Start of Block

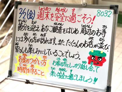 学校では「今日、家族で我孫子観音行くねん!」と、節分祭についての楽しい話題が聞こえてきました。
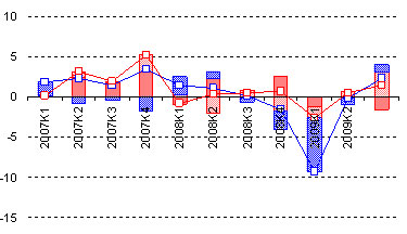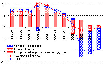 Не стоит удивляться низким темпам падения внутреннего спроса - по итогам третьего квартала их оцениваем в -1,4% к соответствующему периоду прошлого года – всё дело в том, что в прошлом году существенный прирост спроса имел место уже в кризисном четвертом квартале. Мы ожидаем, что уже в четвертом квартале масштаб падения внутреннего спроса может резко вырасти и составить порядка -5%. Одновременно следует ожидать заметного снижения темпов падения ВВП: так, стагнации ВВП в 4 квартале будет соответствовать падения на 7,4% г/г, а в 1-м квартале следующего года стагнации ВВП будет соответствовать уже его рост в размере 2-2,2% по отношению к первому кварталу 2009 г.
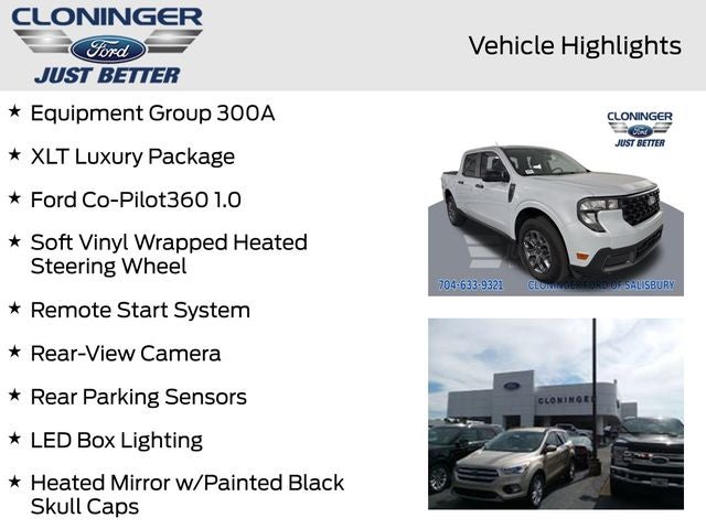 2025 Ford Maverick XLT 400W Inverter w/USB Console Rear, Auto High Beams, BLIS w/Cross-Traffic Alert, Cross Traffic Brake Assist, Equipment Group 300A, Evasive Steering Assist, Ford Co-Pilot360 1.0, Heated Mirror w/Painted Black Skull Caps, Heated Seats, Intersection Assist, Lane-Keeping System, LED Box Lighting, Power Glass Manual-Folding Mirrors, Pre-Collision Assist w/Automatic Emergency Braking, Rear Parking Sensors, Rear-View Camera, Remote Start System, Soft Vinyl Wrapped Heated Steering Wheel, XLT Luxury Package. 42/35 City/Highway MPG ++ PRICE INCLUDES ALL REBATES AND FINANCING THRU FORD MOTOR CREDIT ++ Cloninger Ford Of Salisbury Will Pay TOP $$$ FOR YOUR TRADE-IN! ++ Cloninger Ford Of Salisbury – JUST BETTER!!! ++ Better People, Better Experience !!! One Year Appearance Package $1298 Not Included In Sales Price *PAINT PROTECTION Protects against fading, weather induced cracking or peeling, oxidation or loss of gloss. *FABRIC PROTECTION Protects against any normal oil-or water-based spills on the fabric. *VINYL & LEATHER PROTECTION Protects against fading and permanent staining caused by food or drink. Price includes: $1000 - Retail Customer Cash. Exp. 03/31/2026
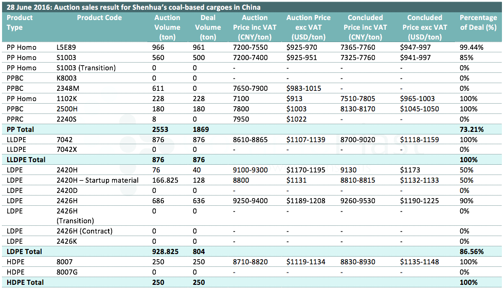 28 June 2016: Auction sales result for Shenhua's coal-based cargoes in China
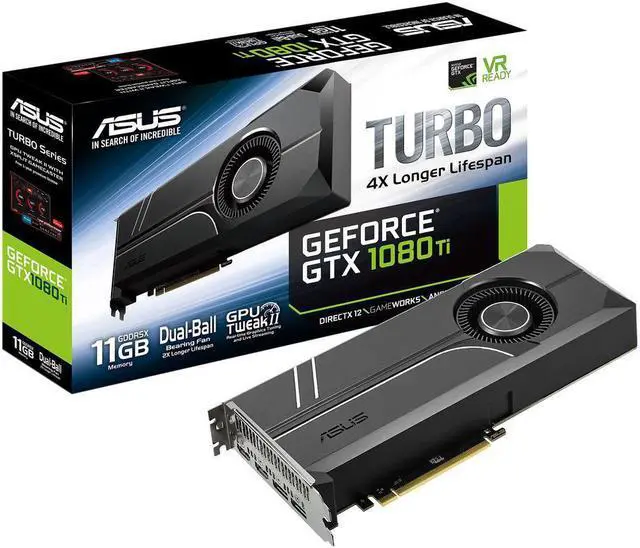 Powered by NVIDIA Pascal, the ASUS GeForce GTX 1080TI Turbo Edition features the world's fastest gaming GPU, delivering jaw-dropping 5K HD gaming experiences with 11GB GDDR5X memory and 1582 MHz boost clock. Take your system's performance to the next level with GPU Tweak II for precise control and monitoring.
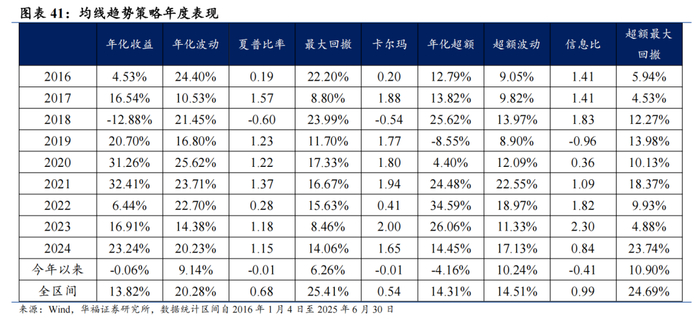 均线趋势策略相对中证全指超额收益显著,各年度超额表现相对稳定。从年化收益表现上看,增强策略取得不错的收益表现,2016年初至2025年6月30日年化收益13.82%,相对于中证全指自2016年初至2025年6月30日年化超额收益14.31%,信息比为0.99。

End of Block

- [Task to carry out]:
Write out exactly the stretch of lines that begins with the line containing "28 June 2016: Auction" and ends with the last line of the records above, leaving out the pictures.

- [Answer section]:
 28 June 2016: Auction sales result for Shenhua's coal-based cargoes in China
 Powered by NVIDIA Pascal, the ASUS GeForce GTX 1080TI Turbo Edition features the world's fastest gaming GPU, delivering jaw-dropping 5K HD gaming experiences with 11GB GDDR5X memory and 1582 MHz boost clock. Take your system's performance to the next level with GPU Tweak II for precise control and monitoring.
 均线趋势策略相对中证全指超额收益显著,各年度超额表现相对稳定。从年化收益表现上看,增强策略取得不错的收益表现,2016年初至2025年6月30日年化收益13.82%,相对于中证全指自2016年初至2025年6月30日年化超额收益14.31%,信息比为0.99。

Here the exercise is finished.